**Aim of the exercise**
Set down every record below exactly as it stands, leaving out the pictures.
--- START ---
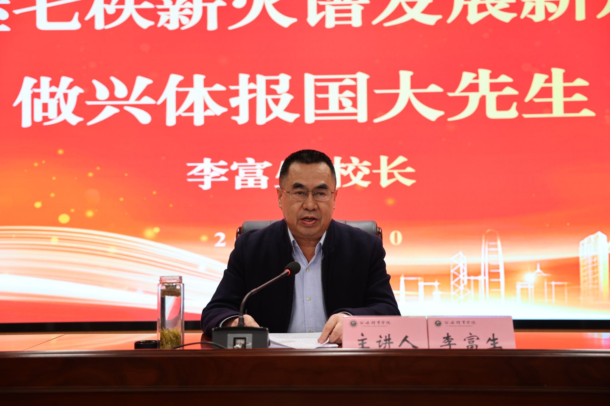 李富生以《赓续七秩薪火 再谱发展新篇——做兴体报国大先生》为题,深情回顾了学校71年来与党和国家同向同行的奋斗历程,全面总结了近年来学校在基建提速、战略西迁、人才培养模式改革、特色项目建设和体教融合等方面取得的成绩,展现了新时代西体人勇立潮头、守正创新的昂扬姿态。他强调,作为新时代的青年教师,要在西体厚重的历史积淀和改革实践中汲取力量,把个人成长融入教育强国、体育强国、健康中国的宏伟蓝图。他以“立德、砺能、创新、奉献、报国”五个关键词寄语新教师:一要立“信念”之德、“操守”之德,做信仰坚定、师德高尚的“擎旗手”,筑牢育人之魂;二要锤炼教学真功、勇攀科研高峰、提升综合素养,做业务精湛、能力过硬的“实干家”,夯实从业之基;三要勇于解放思想,做守正创新、自信自立的“开拓者”,激发奋进之源;四是树立主人翁意识,做爱校荣校、甘于奉献的“主人翁”,涵养情怀之根;五是心怀“国之大者”,做胸怀天下、矢志报国的“追梦人”,践行时代之命。
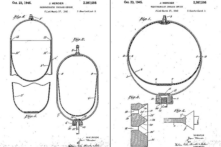 Der französische Ingenieur Jean Mercier (1901–1971) gilt als Vater des hydraulischen Blasenspeichers. Er meldete grundlegende Patente an, darunter:
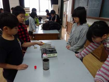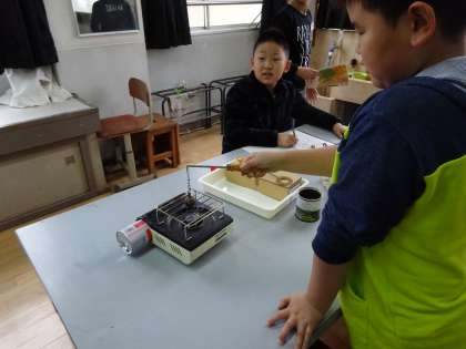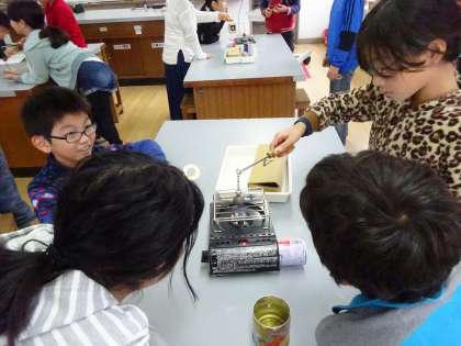 空気の温度と体積の学習の様子です。 今日は,金属を温めたり,冷やしたりしたときの体積の変化を調べました。
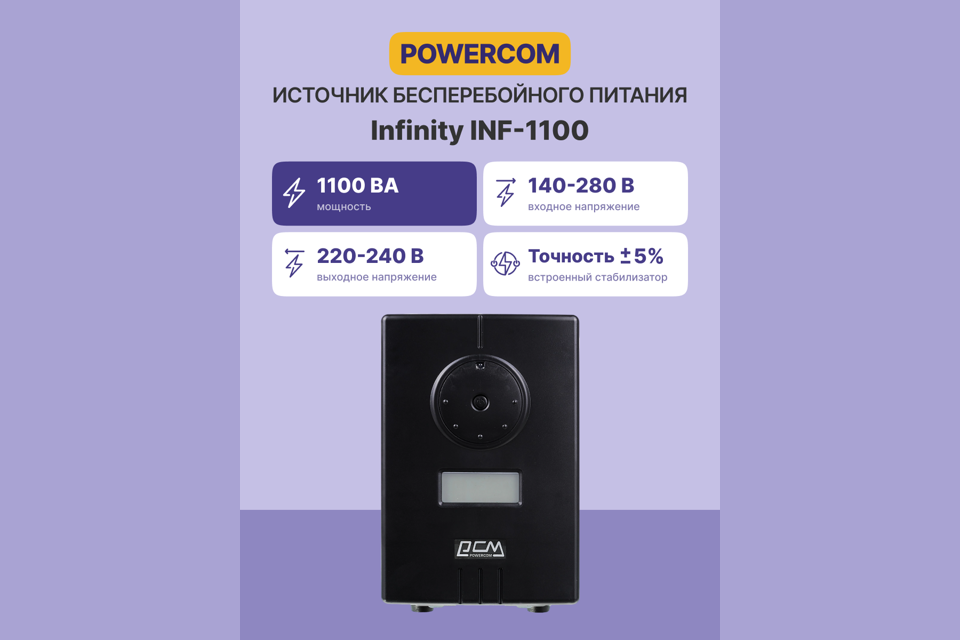 Источник бесперебойного питания Powercom Infinity, Line-Interactive, 1100VA/750W, Tower, Schuko, USB, подкл. доп. Батарей (383441)
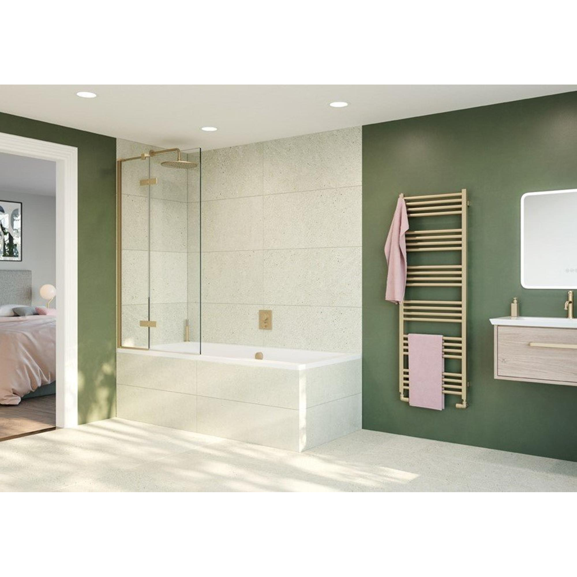 Crosswater Optix 10 Badwand - 90x150cm - 2-delig - links - 180graden - geborsteld messing
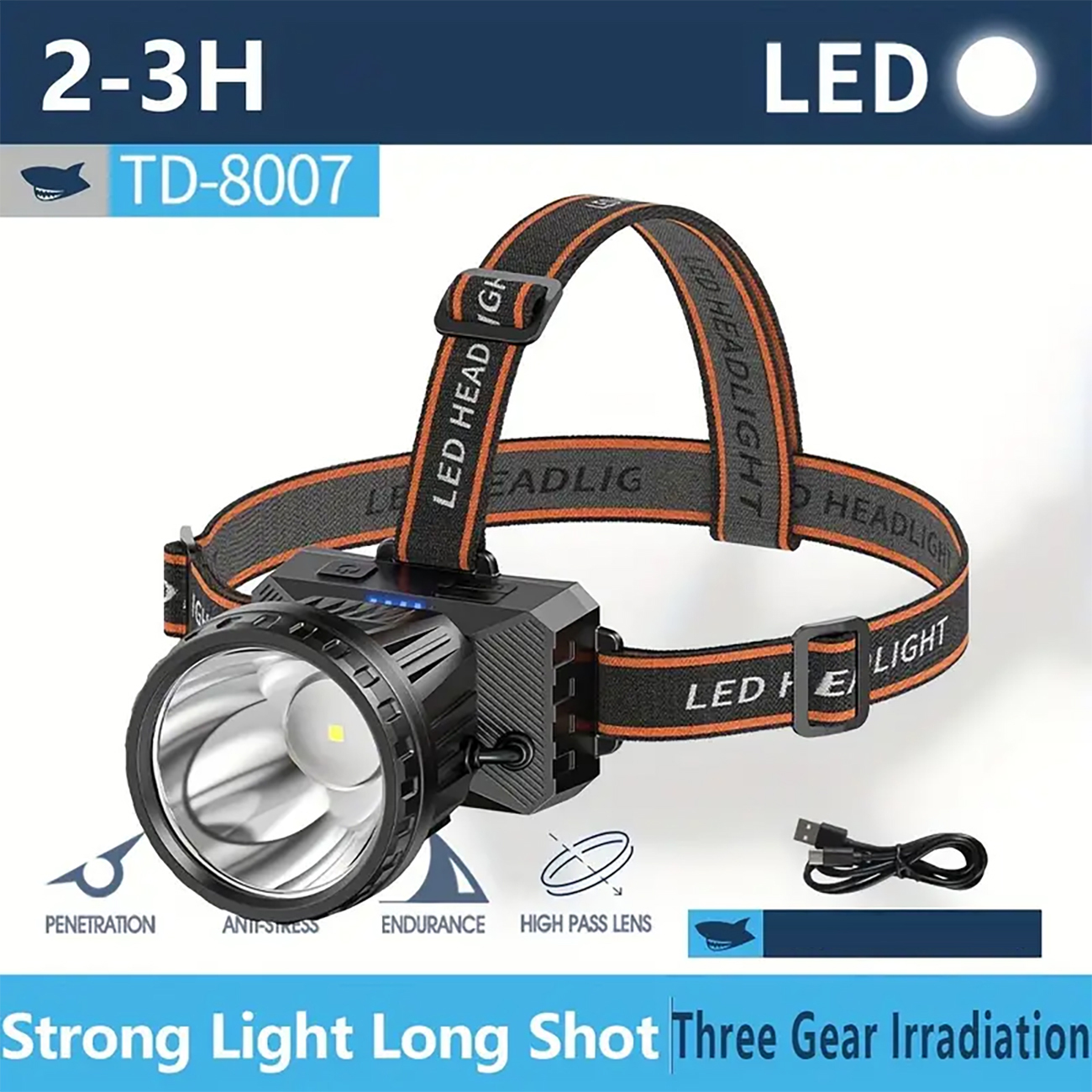 چراغ پیشانی قابل شارژ 2400 میلی آمپر ساعت با نور سفید اسمایلینگ شارک TD-8007
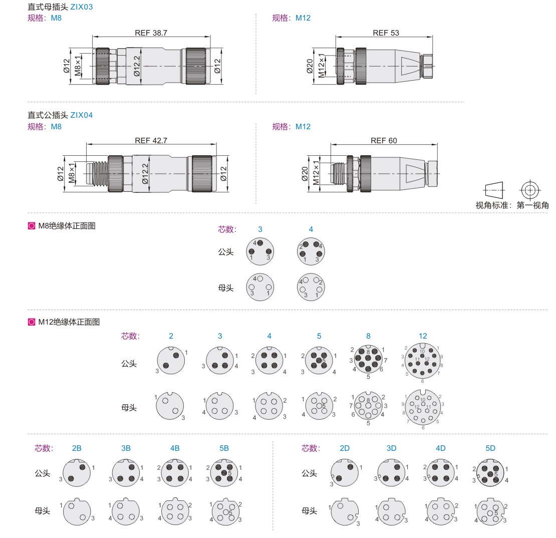 | 直式母插头 ZIX03 直式公插头 ZIX04 直式插头套装 ZIX05 |
--- END ---
**Answer box**
 李富生以《赓续七秩薪火 再谱发展新篇——做兴体报国大先生》为题,深情回顾了学校71年来与党和国家同向同行的奋斗历程,全面总结了近年来学校在基建提速、战略西迁、人才培养模式改革、特色项目建设和体教融合等方面取得的成绩,展现了新时代西体人勇立潮头、守正创新的昂扬姿态。他强调,作为新时代的青年教师,要在西体厚重的历史积淀和改革实践中汲取力量,把个人成长融入教育强国、体育强国、健康中国的宏伟蓝图。他以“立德、砺能、创新、奉献、报国”五个关键词寄语新教师:一要立“信念”之德、“操守”之德,做信仰坚定、师德高尚的“擎旗手”,筑牢育人之魂;二要锤炼教学真功、勇攀科研高峰、提升综合素养,做业务精湛、能力过硬的“实干家”,夯实从业之基;三要勇于解放思想,做守正创新、自信自立的“开拓者”,激发奋进之源;四是树立主人翁意识,做爱校荣校、甘于奉献的“主人翁”,涵养情怀之根;五是心怀“国之大者”,做胸怀天下、矢志报国的“追梦人”,践行时代之命。
 Der französische Ingenieur Jean Mercier (1901–1971) gilt als Vater des hydraulischen Blasenspeichers. Er meldete grundlegende Patente an, darunter:
 空気の温度と体積の学習の様子です。 今日は,金属を温めたり,冷やしたりしたときの体積の変化を調べました。
 Источник бесперебойного питания Powercom Infinity, Line-Interactive, 1100VA/750W, Tower, Schuko, USB, подкл. доп. Батарей (383441)
 Crosswater Optix 10 Badwand - 90x150cm - 2-delig - links - 180graden - geborsteld messing
 چراغ پیشانی قابل شارژ 2400 میلی آمپر ساعت با نور سفید اسمایلینگ شارک TD-8007
 | 直式母插头 ZIX03 直式公插头 ZIX04 直式插头套装 ZIX05 |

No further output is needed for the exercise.